The entries below contain a line with "Camicia Patriotica Americana" and a line with "In der Nähe". Retype exactly everything from the first down to the second, both included, and nothing else.

- _Dataset records_
.....
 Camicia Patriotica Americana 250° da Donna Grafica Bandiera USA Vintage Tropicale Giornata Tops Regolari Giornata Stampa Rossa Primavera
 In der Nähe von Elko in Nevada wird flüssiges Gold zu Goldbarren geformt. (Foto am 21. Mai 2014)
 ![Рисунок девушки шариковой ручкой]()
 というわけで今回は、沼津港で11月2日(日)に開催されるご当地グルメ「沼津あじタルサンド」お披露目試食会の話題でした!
.....
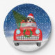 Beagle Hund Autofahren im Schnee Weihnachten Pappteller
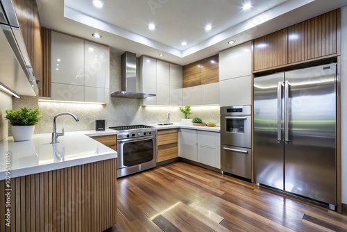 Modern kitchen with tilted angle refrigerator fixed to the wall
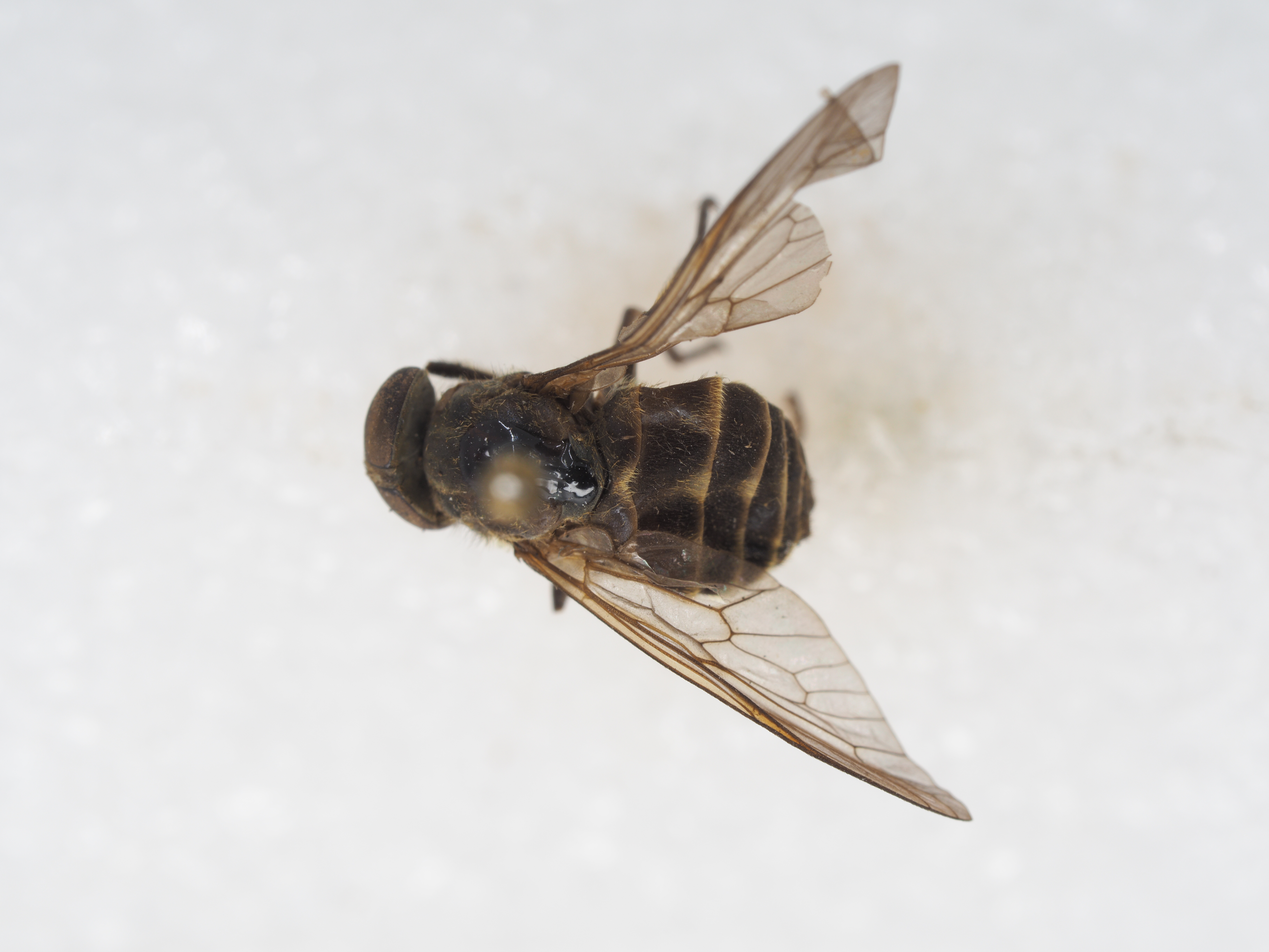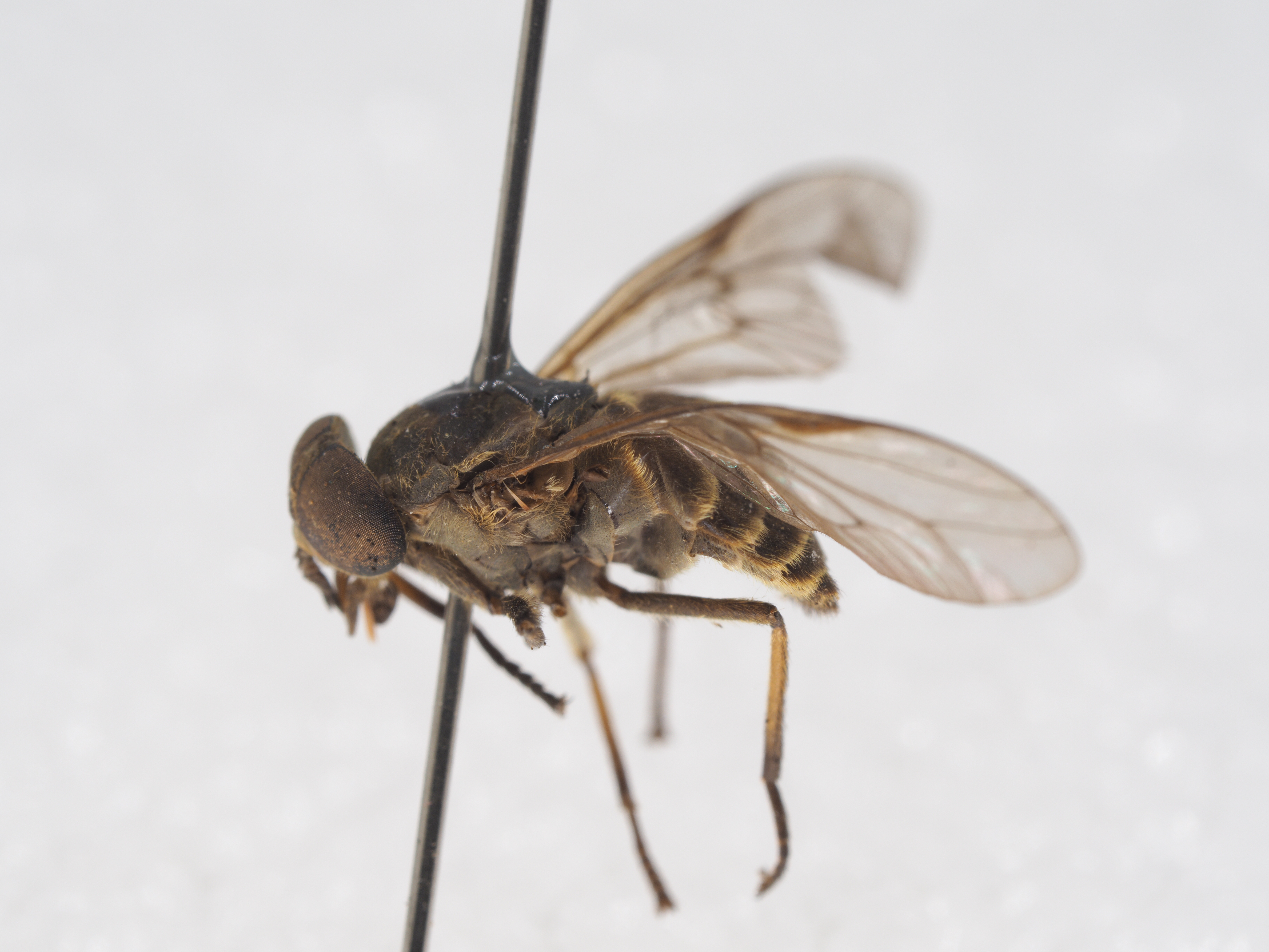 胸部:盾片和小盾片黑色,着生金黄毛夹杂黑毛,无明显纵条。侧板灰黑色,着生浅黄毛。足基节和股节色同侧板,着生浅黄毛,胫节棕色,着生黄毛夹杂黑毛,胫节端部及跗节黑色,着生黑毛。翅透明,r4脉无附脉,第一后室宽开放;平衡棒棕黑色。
.....
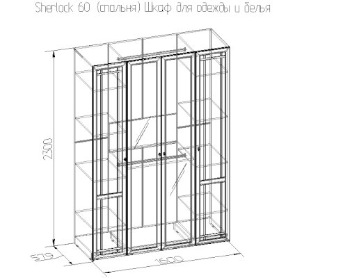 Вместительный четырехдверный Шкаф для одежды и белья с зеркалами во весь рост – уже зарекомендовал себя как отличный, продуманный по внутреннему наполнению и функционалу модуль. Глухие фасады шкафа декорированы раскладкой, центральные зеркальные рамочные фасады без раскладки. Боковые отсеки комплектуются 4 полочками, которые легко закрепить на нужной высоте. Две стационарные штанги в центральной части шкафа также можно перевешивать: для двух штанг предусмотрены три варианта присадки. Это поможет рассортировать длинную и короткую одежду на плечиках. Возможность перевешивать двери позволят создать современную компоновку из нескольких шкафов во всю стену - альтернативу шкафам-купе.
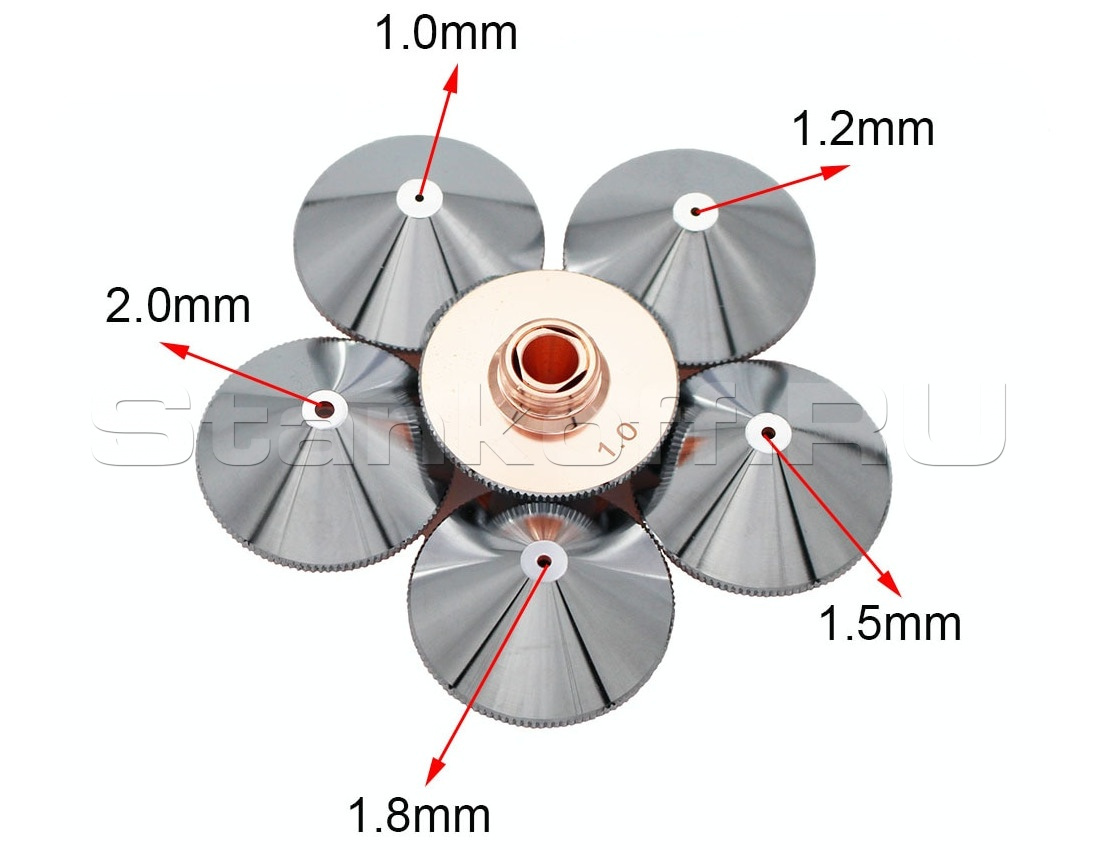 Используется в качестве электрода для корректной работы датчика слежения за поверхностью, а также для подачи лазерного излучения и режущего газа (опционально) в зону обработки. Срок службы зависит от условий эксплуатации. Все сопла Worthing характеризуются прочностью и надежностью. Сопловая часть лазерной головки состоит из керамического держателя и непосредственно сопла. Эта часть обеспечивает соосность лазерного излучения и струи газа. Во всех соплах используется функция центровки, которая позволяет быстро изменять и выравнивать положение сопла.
.....
- _Exercise response_
 Camicia Patriotica Americana 250° da Donna Grafica Bandiera USA Vintage Tropicale Giornata Tops Regolari Giornata Stampa Rossa Primavera
 In der Nähe von Elko in Nevada wird flüssiges Gold zu Goldbarren geformt. (Foto am 21. Mai 2014)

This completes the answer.